The accompanying paper is:

[PAPER REFERENCE TBD]

Overview

ftlm_observables.m is the single entry point. It computes the three finite-temperature observables

specific heat C(T),
magnetic susceptibility chi(T),
effective partition function Z_eff(T) = Z(T) * exp(beta * E_0),

on a user-supplied temperature grid, for a Heisenberg Hamiltonian of the form

H = J * sum_{<i,j>} S_i . S_j

on one of six predefined cluster geometries (icosahedron, cuboctahedron, cube, dodecahedron, icosidodecahedron, ring) for any local spin s = 1/2, 1, 3/2, 2, .... The coupling J is a single scalar that applies uniformly to every nearest-neighbor bond.

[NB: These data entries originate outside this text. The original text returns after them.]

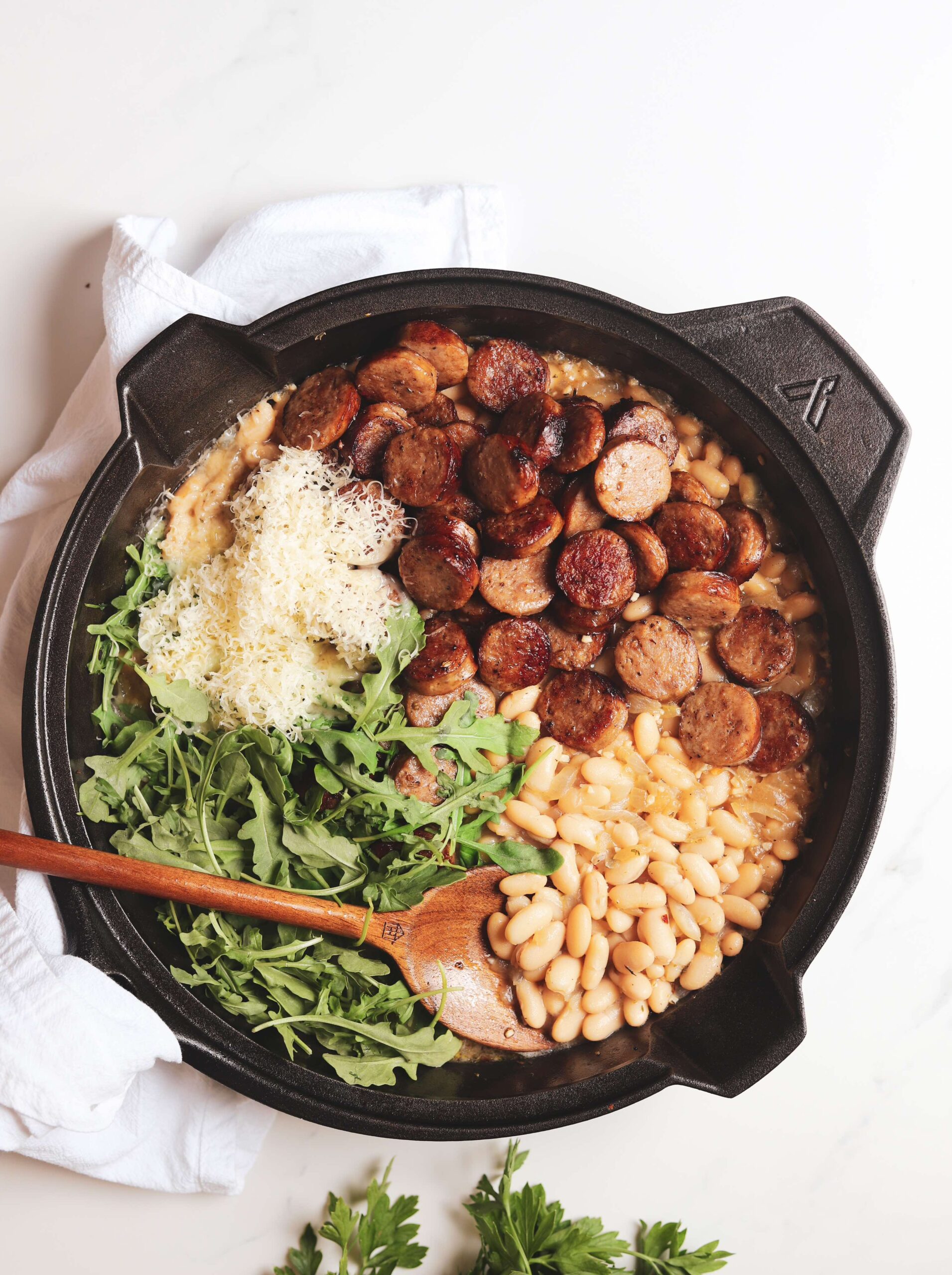 Caramelized italian sausage simmered in creamy cannellini beans with some wilted arugula and parmesan cheese may sound simple, but the flavors and textures in this skillet are complex and completely addictive. Just a little heads up, once you make this dinner, you are going to start craving it regularly, but thats fine because it is so easy to bring together.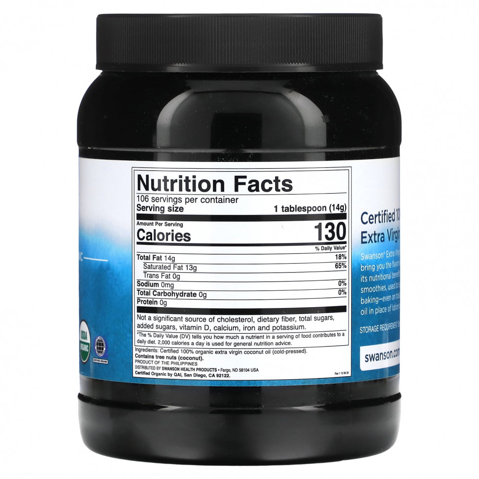 Кокосовое масло холодного отжима Swanson® подвергается минимальной обработке для получения вкуса и аромата свежих кокосов, сохраняя при этом свои питательные свойства. Это универсальное масло можно добавлять в смузи, использовать для обжаривания овощей или в качестве заменителя масла при выпечке, даже в тостах! Возьмите его с кухни и используйте кокосовое масло вместо лосьона или крема для бритья.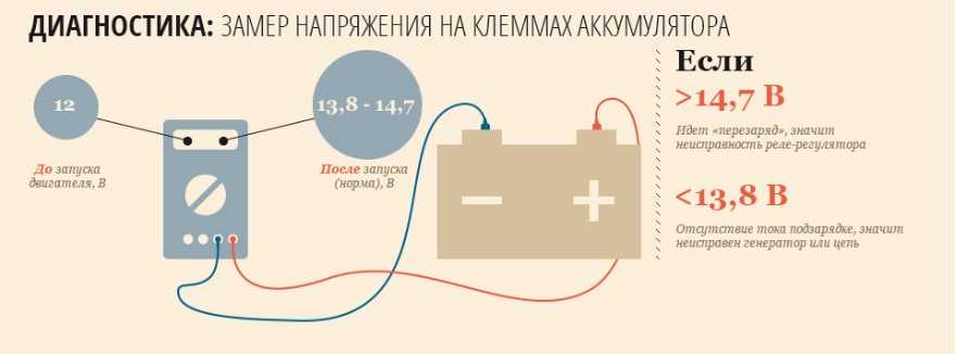 Напряжение должно быть не менее 14 вольт. Если напряжение меньше, то регулятор следует заменить. Регулятор можно поменять, не снимая генератор.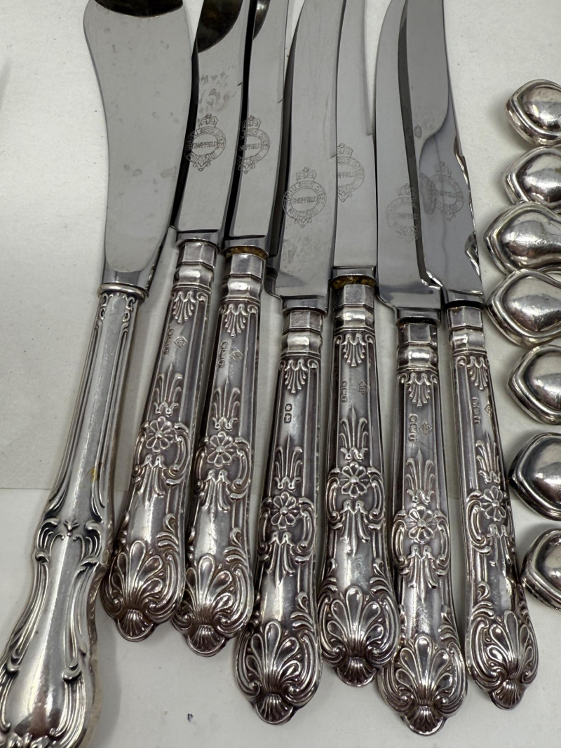 Sterling Silver Spoon & Flatware Sets Sheffield England is stamped on the vertical knives WB & S EP and a star are stamped on the knife.

J > 0 corresponds to antiferromagnetic, J < 0 to ferromagnetic exchange. Extending the model to bond-dependent couplings J_{ij} is straightforward: it only requires passing a per-bond coupling vector instead of a scalar through the kernel init arguments and replacing the scalar J in the diagonal and S+S- / S-S+ terms by the corresponding entry of that vector.

The matrix-vector product H * v is matrix-free: bonds and on-site quantum numbers reconstruct the Hamiltonian action on the fly, and basis lookup uses a compressed table (CLT). The Lanczos iteration is a block sweep over R random vectors per sector. Three MEX kernels are provided:

Kernel	Backend	Precision	Notes
`cuda_lanczos_clut_block.cu`	CUDA + cuBLAS	FP32	Production GPU path
`cuda_lanczos_crank_Sr_general.cu`	CUDA	FP32	Alternative GPU path (combinatorial ranking)
`cpu_lanczos_omp.c`	OpenMP	FP64	Reference CPU path

Requirements

MATLAB R2022a or newer, with the Parallel Computing Toolbox (provides gpuArray and mexcuda).
NVIDIA CUDA Toolkit compatible with the MATLAB CUDA version. The GPU must support compute capability 7.0 or newer (Volta, Turing, Ampere, Ada, Hopper, Blackwell).
A C compiler with OpenMP support for the CPU kernel:
- Windows: MSVC (configure via mex -setup C++).
- Linux: GCC 9+ or Clang 12+.

Installation

From the MATLAB command prompt, in the repository root:

>> build_all

This compiles the three MEX kernels in place. The script reports each kernel as it builds and ends with a harmless sanity check (cpu_lanczos_omp('info')) that returns the number of OpenMP threads. No numerical computation is performed during the build.

Quick start

After a successful build:

>> ftlm_observables('input_ico_s1_example.m')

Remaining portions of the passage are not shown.